# Free Phrag. seedlings



## abax (Feb 17, 2022)

I've got to make some room in my gh and I have several Phrag. seedlings to give away to a needy
Phrag. addict. I'll make a list if anybody is interested.


----------



## paphman (Feb 18, 2022)

I just might be interested. What do you have?


----------



## Ray (Feb 18, 2022)

Keep me in mind, as well, Angela. I find my very limited collection moving toward phrags, more and more.


----------



## NYEric (Feb 18, 2022)

I'm interested.


----------



## abax (Feb 18, 2022)

To whom it may concern: I'll have to march out to the gh in cold wet stuff to write the
names down. Gimetime! Too damn cold to mail anyway.

I don't know about you Eric. You been name calling lately. :>) 

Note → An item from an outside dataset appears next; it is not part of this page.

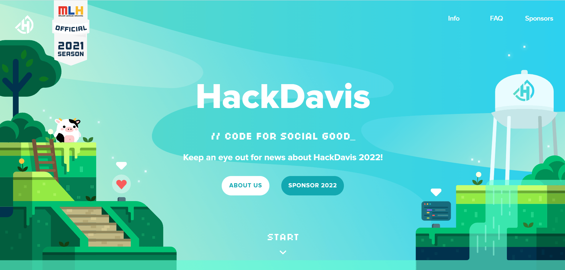 ● HackDavis is UC Davis' annual hackathon for students, run by students. On January 16-17, 2021, over 700 students, hackers, and creatives will come together virtually for 36 hours of hacking to solve the world's most pressing social issues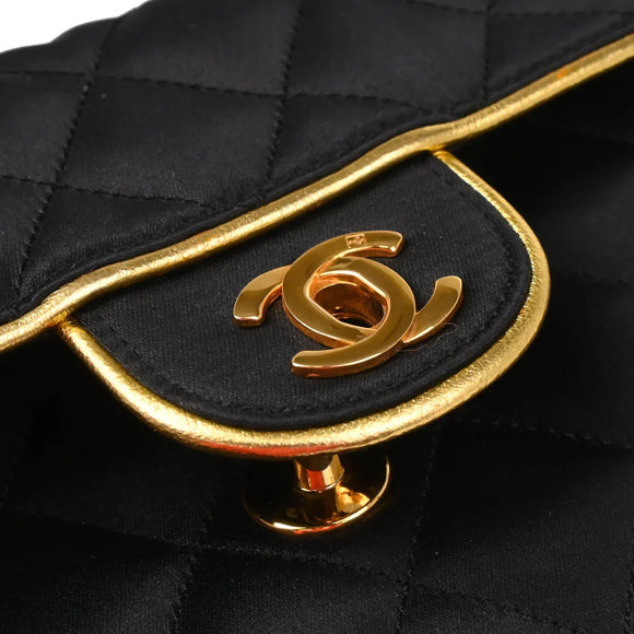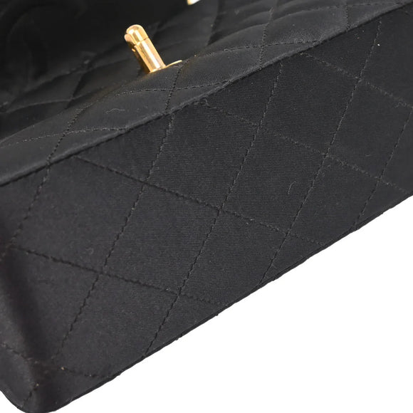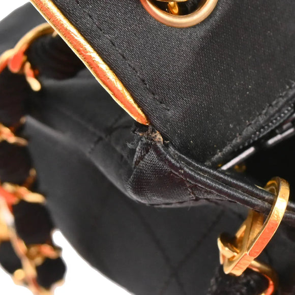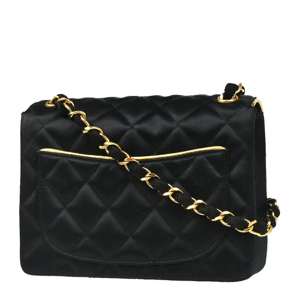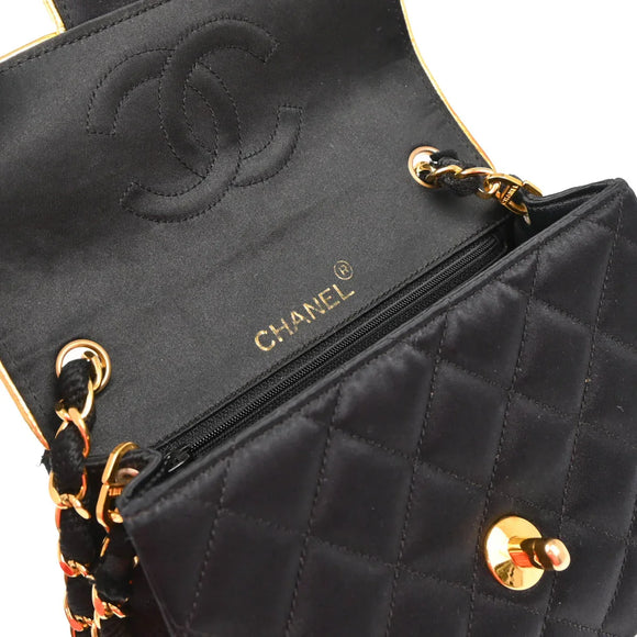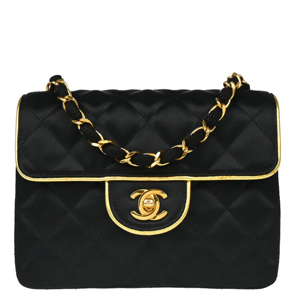 Chanel 1989-1991 Black Satin Mini Classic Square Flap Shoulder Bag

The seedlings will have to go to one person. My husband of 30 years is at home and
in Hospice care. He is dying of pulmonary fibrosis very slow and miserably.


----------



## Ray (Feb 18, 2022)

I'm so sorry to hear that, Angela.

I can only handle a few, but I'd be happy to be a "central distribution point".


----------



## Djthomp28 (Feb 18, 2022)

I am so sorry to hear that, Angela. I will keep you both in my thoughts.


----------



## Paphman910 (Feb 18, 2022)

Sorry to hear about that!


----------



## Michael Bonda (Feb 18, 2022)

My deepest prayers and thoughts. I wish you the best and hope all is as peaceful and comforting for you. I would send you a gift of a slipper in bloom if possible


----------



## cnycharles (Feb 18, 2022)

very sorry to hear this Angela


----------



## eds (Feb 19, 2022)

So sorry to hear that Angela.


----------



## Just1more (Feb 19, 2022)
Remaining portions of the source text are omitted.